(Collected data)
════════

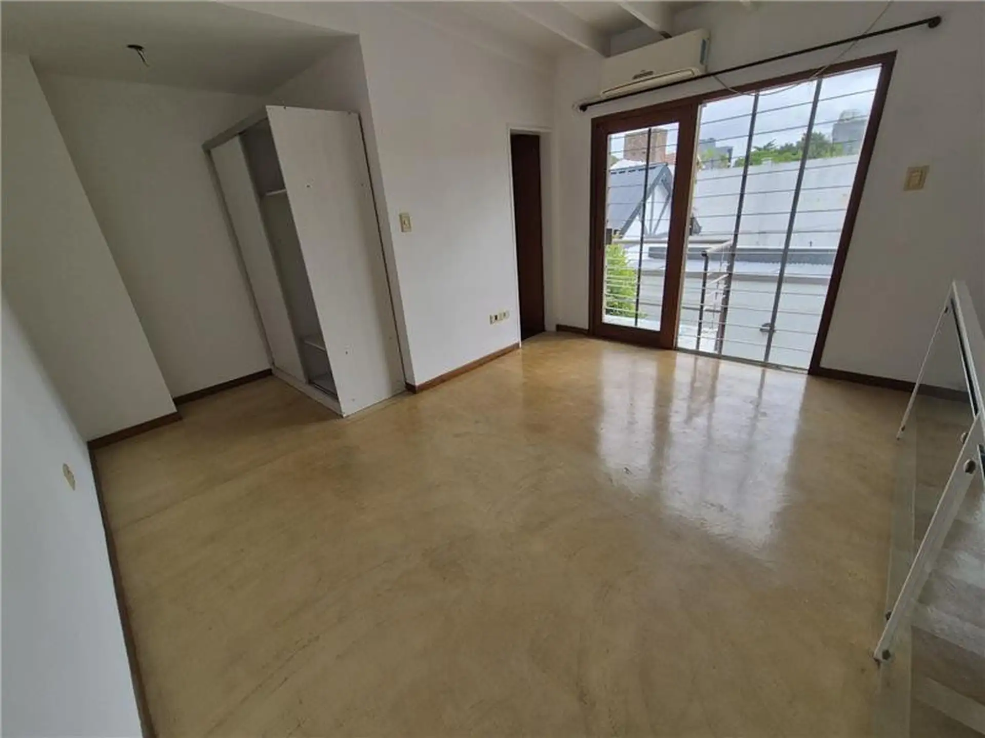 Duplex two-room apartment in Banfield Este, Lomas de Zamora, with no building fees. Total area for private use is 52 m². Ground floor has a living area with ceramic flooring, a kitchen with upper and lower cabinets, and a toilet; the upper level has a bedroom with smooth cement flooring, a wardrobe, cold-heat split air conditioning, a gas heater, a full bathroom, and a small balcony. Heating is via gas radiators (picos de gas). The rental contract is for 2 years with quarterly increases based on
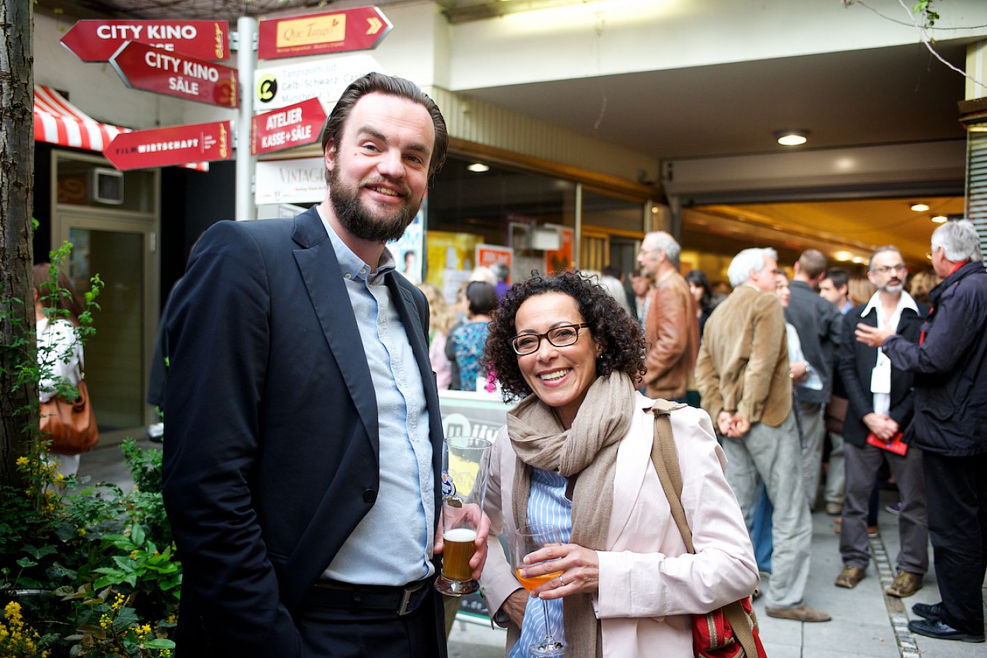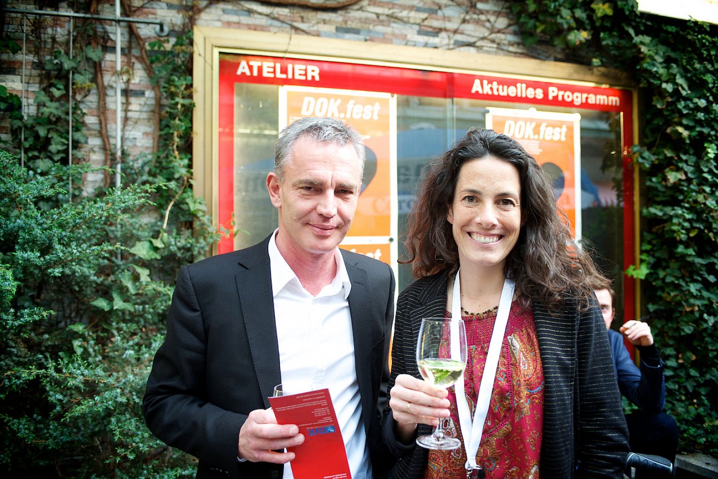 Eröffnung DOK.fest 2012, Innenhof City Kinos, v.l.n.r.: Susane Petz (AG DOK, Produzentin), Christoph Schwarz (Kulturreferat) / Copyright DOK.fest - Rainer Möller
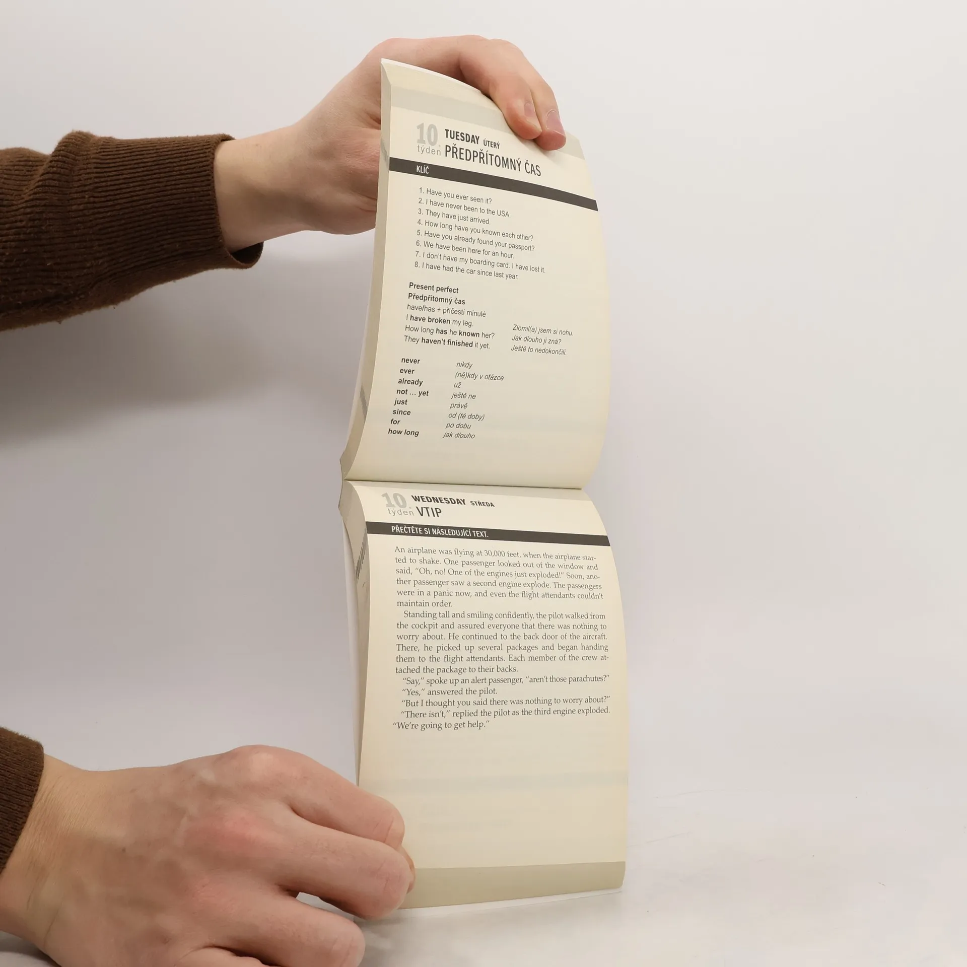 Jste mírně pokročilí nebo s angličtinou stále znovu začínáte, ale pořád Vám nejde do hlavy? Zkuste to jinak! Každý den vytrhněte jeden list, vyluštěte osmisměrku, doplňte vhodná slovíčka, přečtěte si vtip nebo napínavý příběh a ihned si zkontrolujte výsledky. Upevníte si dosavadní znalosti a rozšíříte si slovní zásobu. Vaše angličtina se tak bude den za dnem zlepšovat.
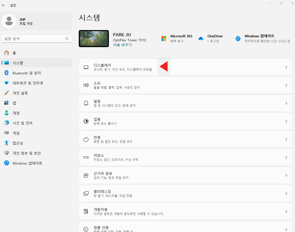 시스템 메뉴로 접속했다면, 가장 첫 메뉴인 '디스플레이'로 들어갑니다. 이곳에서는 모니터, 밝기, 야간모드, 디스플레이 프로필 등을 변경할 수 있습니다.
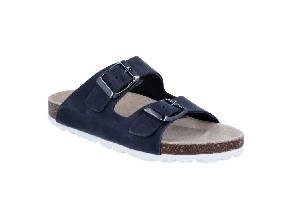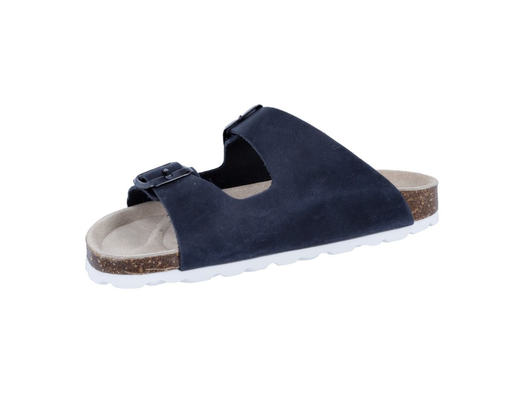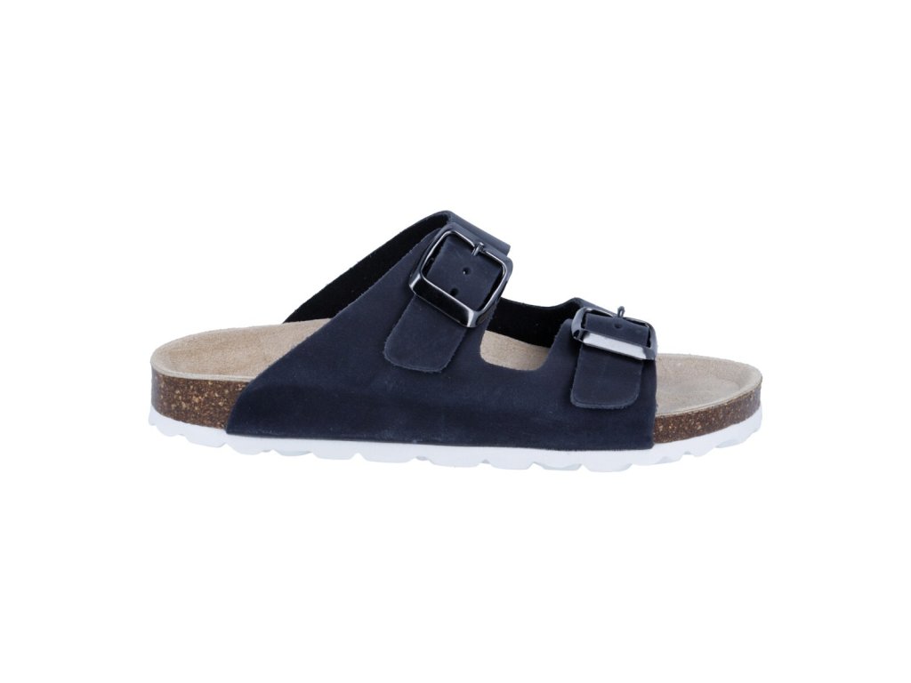 Kožené pantofle s koženou stélkou a pravým korkem. Vysoce kvalitní tvarovaná kožená stélka zvyšuje pohodlí nohou. Zapínání na sponu přes nárt umožňuje snadné obouvání. Extrémně lehká, pružná a ohebná podrážka.

════════

** Requirement **
Exercise for the records above: copy only the lines from the one with "Eröffnung DOK.fest 2012, Innenhof" to the one with "Jste mírně pokročilí", both ends kept, and drop the pictures.

** Problem solution **
 Eröffnung DOK.fest 2012, Innenhof City Kinos, v.l.n.r.: Susane Petz (AG DOK, Produzentin), Christoph Schwarz (Kulturreferat) / Copyright DOK.fest - Rainer Möller
 Jste mírně pokročilí nebo s angličtinou stále znovu začínáte, ale pořád Vám nejde do hlavy? Zkuste to jinak! Každý den vytrhněte jeden list, vyluštěte osmisměrku, doplňte vhodná slovíčka, přečtěte si vtip nebo napínavý příběh a ihned si zkontrolujte výsledky. Upevníte si dosavadní znalosti a rozšíříte si slovní zásobu. Vaše angličtina se tak bude den za dnem zlepšovat.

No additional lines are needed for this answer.